What the exercise asks:
Using the data that follows, give again word for word the lines between the one holding "9月11日晚自习,玉田职教中" and the one holding "Armoire de Jardin", inclusive. Omit the pictures.

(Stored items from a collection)
Content starts

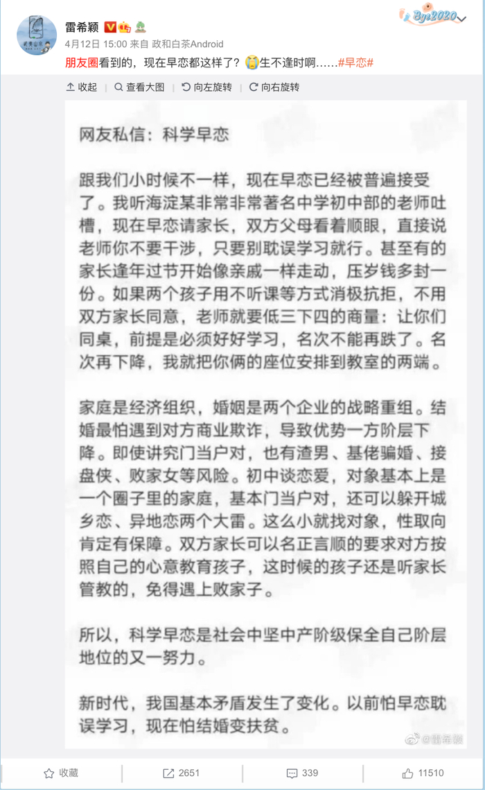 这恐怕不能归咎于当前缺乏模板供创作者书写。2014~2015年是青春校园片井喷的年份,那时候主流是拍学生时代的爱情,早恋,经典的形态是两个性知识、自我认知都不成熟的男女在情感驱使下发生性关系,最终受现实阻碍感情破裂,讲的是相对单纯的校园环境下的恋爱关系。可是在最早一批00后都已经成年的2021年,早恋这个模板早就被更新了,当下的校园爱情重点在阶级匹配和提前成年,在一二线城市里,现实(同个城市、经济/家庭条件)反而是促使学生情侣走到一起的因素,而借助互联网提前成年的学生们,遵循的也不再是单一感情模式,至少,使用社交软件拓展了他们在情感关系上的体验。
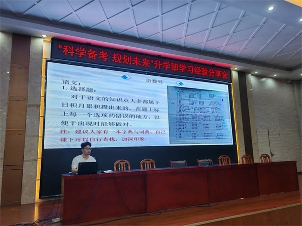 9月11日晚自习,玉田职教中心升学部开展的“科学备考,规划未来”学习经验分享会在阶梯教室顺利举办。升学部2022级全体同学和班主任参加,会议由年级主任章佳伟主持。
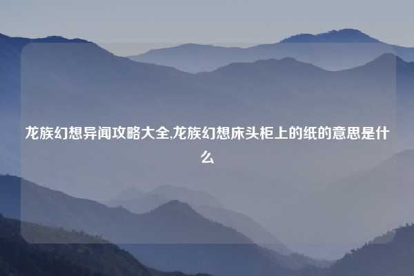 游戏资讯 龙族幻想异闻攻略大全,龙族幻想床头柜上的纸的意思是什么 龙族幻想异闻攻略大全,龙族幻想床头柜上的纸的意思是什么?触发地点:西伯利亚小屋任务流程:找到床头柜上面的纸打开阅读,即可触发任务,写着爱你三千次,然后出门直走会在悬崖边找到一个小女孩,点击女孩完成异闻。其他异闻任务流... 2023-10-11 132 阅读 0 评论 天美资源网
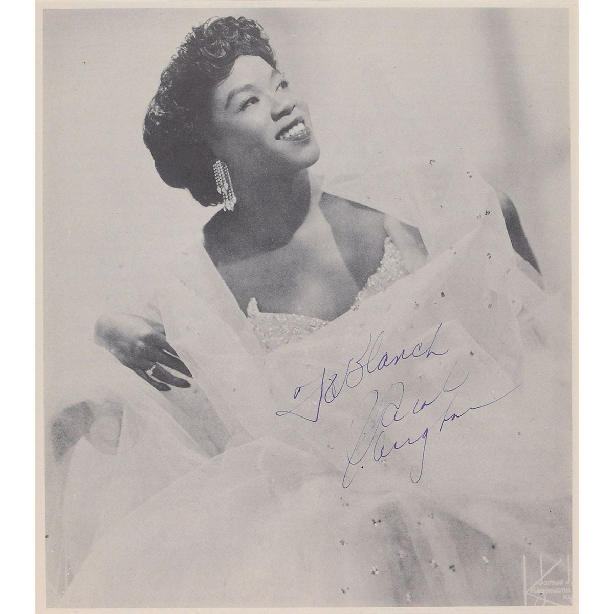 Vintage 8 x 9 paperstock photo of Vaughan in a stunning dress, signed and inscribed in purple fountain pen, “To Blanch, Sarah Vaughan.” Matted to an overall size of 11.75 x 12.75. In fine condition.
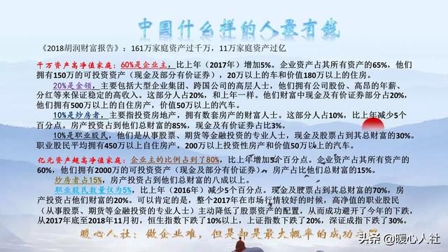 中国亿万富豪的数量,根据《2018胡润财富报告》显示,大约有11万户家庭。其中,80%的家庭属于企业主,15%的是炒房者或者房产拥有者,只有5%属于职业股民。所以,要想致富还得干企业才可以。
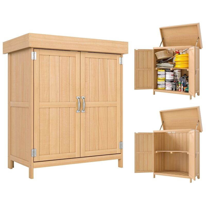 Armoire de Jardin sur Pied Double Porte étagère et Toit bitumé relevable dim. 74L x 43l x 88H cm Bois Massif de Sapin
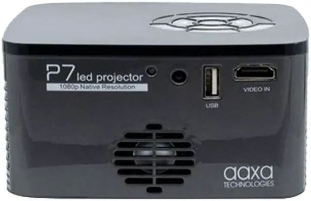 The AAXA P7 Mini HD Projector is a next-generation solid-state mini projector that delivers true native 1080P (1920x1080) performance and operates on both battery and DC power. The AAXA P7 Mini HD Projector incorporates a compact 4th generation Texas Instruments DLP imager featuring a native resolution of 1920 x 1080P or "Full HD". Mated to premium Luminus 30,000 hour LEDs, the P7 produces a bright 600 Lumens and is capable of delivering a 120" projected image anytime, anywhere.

Content ends

Answer for the task:
 9月11日晚自习,玉田职教中心升学部开展的“科学备考,规划未来”学习经验分享会在阶梯教室顺利举办。升学部2022级全体同学和班主任参加,会议由年级主任章佳伟主持。
 游戏资讯 龙族幻想异闻攻略大全,龙族幻想床头柜上的纸的意思是什么 龙族幻想异闻攻略大全,龙族幻想床头柜上的纸的意思是什么?触发地点:西伯利亚小屋任务流程:找到床头柜上面的纸打开阅读,即可触发任务,写着爱你三千次,然后出门直走会在悬崖边找到一个小女孩,点击女孩完成异闻。其他异闻任务流... 2023-10-11 132 阅读 0 评论 天美资源网
 Vintage 8 x 9 paperstock photo of Vaughan in a stunning dress, signed and inscribed in purple fountain pen, “To Blanch, Sarah Vaughan.” Matted to an overall size of 11.75 x 12.75. In fine condition.
 中国亿万富豪的数量,根据《2018胡润财富报告》显示,大约有11万户家庭。其中,80%的家庭属于企业主,15%的是炒房者或者房产拥有者,只有5%属于职业股民。所以,要想致富还得干企业才可以。
 Armoire de Jardin sur Pied Double Porte étagère et Toit bitumé relevable dim. 74L x 43l x 88H cm Bois Massif de Sapin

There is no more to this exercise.